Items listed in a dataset
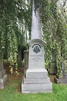 He is buried on the north side of the main east-west path in Dean Cemetery in Edinburgh under a large pale grey granite obelisk.
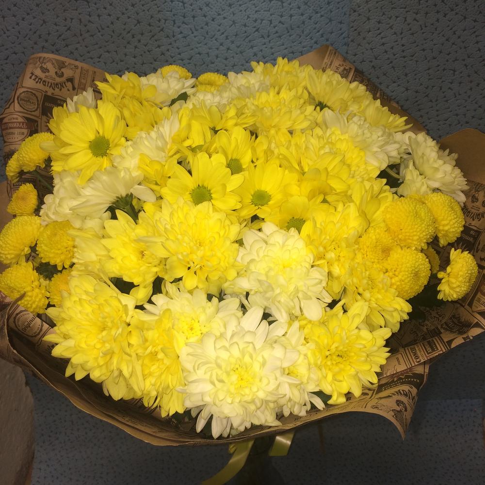 Хризантема кустовая – 17 шт.Рускус сочи – 7 шт.Упаковка крафт – 1 шт.
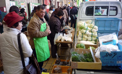 ほとんど手作りのPR道具を宛い、午前十時に幕を開けた。道行く人の表情をみると、まず「なんで軽トラがホコ天に停めてあるのか」と訝る様子があった。売り手である農家の人は掛け声も小さい。商売人が駆け寄り、威勢の良い声をかけると、少しずつ人だかりが生まれた。足を留めたお客様は野菜を手に取り、生産者と言葉を交わす。「親指ぐらいに切ってねえ、ちょっと醤油と塩をして二十分ぐらい煮るんよ」。調理法の伝授が始まっていた。
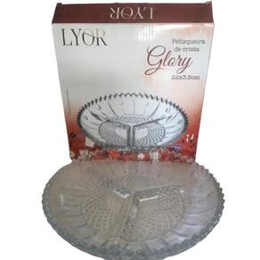 Petisqueira Cristal Transparente Redonda com três divisória. Ideal para colocar seus petiscos prediletos e saborear com um vinho, uma cerveja, suco ou refrigerante. Ficará linda na sua mesa para decorar seus encontros, festas e Happy Hour. Tamanho: 22cm de diâmetro X 3,5cm Altura Cor: Transparente Material: Cristal Lapidado Marca: Lyor Pode ser lavado com esponja e sabão neutro.
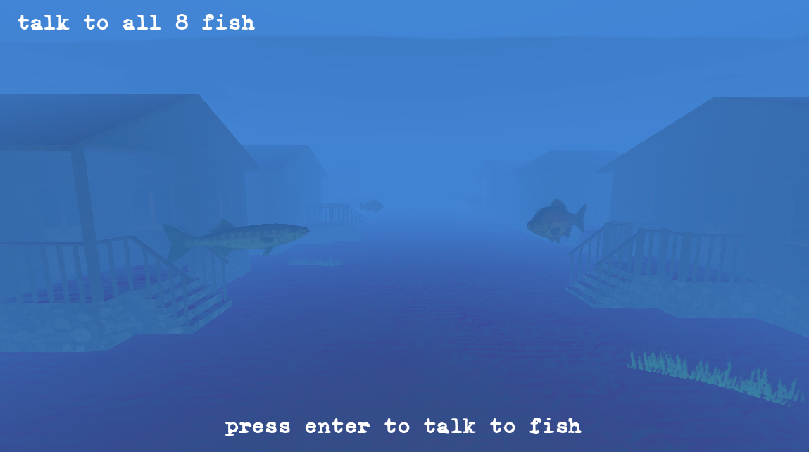 enter to talk to fish and enter to jump in final act and wasd for swimming

Work required: Take the lines from the first line of the entries through the line with "ほとんど手作りのPR道具を宛", inclusive, and give them again exactly, minus any pictures.

Reply:
 He is buried on the north side of the main east-west path in Dean Cemetery in Edinburgh under a large pale grey granite obelisk.
 Хризантема кустовая – 17 шт.Рускус сочи – 7 шт.Упаковка крафт – 1 шт.
 ほとんど手作りのPR道具を宛い、午前十時に幕を開けた。道行く人の表情をみると、まず「なんで軽トラがホコ天に停めてあるのか」と訝る様子があった。売り手である農家の人は掛け声も小さい。商売人が駆け寄り、威勢の良い声をかけると、少しずつ人だかりが生まれた。足を留めたお客様は野菜を手に取り、生産者と言葉を交わす。「親指ぐらいに切ってねえ、ちょっと醤油と塩をして二十分ぐらい煮るんよ」。調理法の伝授が始まっていた。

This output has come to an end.